PRAISE FOR OUR TEAM

“A BREATH OF PURE CREATIVE POWER.”
— OPERA WIRE
“UNLIKE ANY THING I’VE EVER SEEN. ONE OF THE MORE MOVING EXPERIENCES I’VE HAD IN RECENT MEMORY.”
— THEATRE TIMES
“RAPTLY LYRICAL… AWE INSPIRING.”
— THE NEW YORKER
“THE RIGHT BALANCE BETWEEN EDGY PRECISION AND FREE WHEELING EXUBERANCE.”
— THE GUARDIAN
“A HOPEFUL VISION OF WHAT OPERA CAN BE AND DO IN THE TWENTY-FIRST CENTURY.”
— PARTERRE BOX
“SENSATIONAL, REVEALING LAYER UPON LAYER OF SHEER MUSICAL GORGEOUSNESS CAPABLE, FROM THE FIRST BARS, OF LIFTING THE SPIRITS.”
— LA TIMES

CREATIVE TEAM

CREATIVE TEAM

DANIELLE BIRRITTELLA

Danielle Birrittella is a California-based performer, creator, and composer of new operatic work whose projects have been lauded as “a breath of pure creative power” (Opera Wire). Danielle’s extensive background in opera and experimental theatre yield an artist with an instinct for pushing the boundaries of contemporary classical music.

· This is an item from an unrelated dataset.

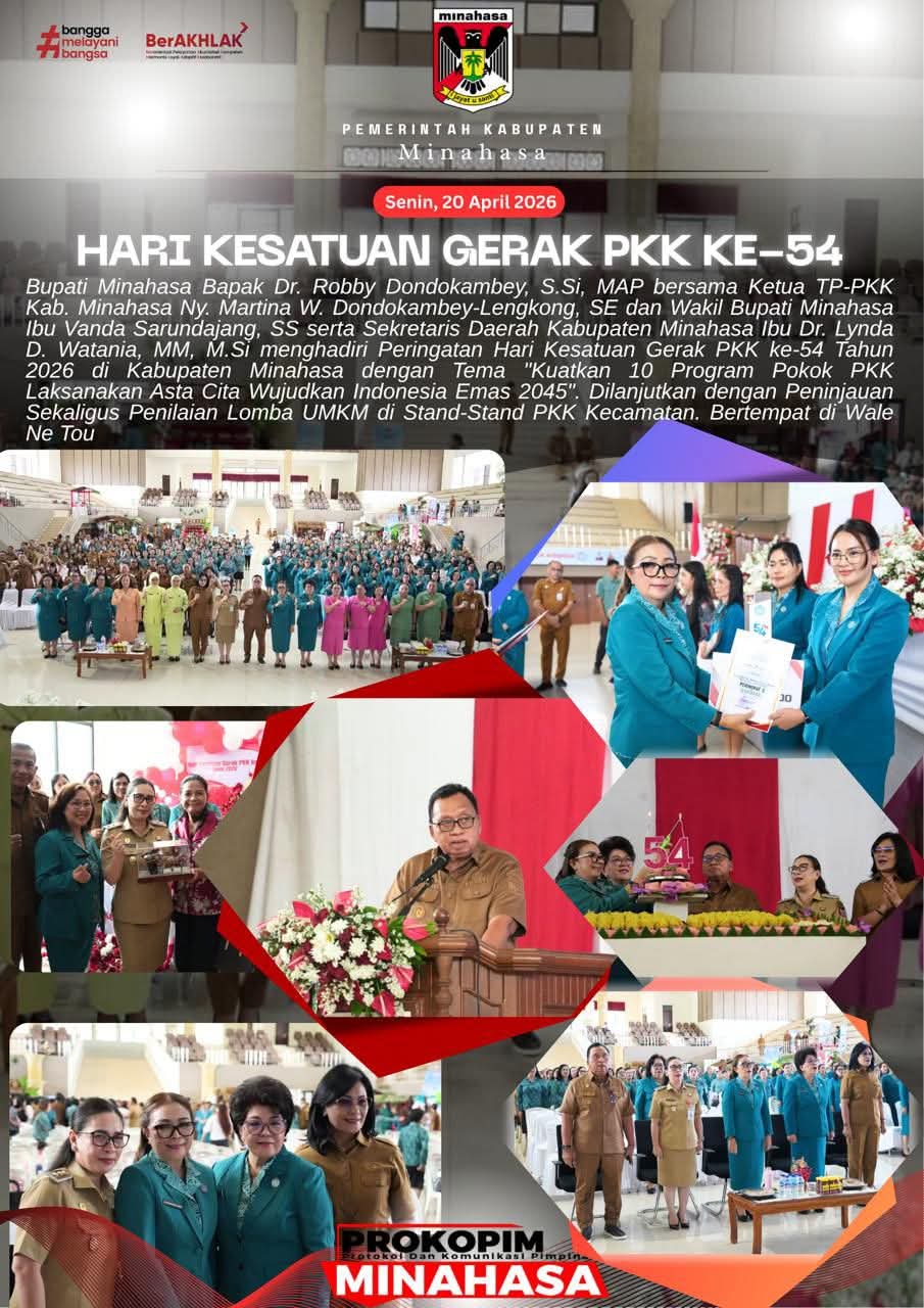 Minahasa – Tim Penggerak Pemberdayaan Kesejahteraan Keluarga (TP-PKK) Kabupaten Minahasa, menggelar Peringatan Hari Kesatuan Gerak (HKG) PKK ke-54, tahun 2026, bertempat di Gedung Wale Ne Tou, Senin (20/04).

As a creator of new works, Danielle bridges new music, devised performance, and film with a particular focus on collaborative engagement with poets, dancers, and visual artists. Her dual roles as creator and performer of her operatic projects deliver a unique level of authenticity and intimacy to her pieces. In addition, her work as a practicing depth psychotherapist heavily influences her creative endeavors. By weaving layers of symbolism, archetypal motifs, and emotional insight, she explores the psyche’s capacity for healing and transformation.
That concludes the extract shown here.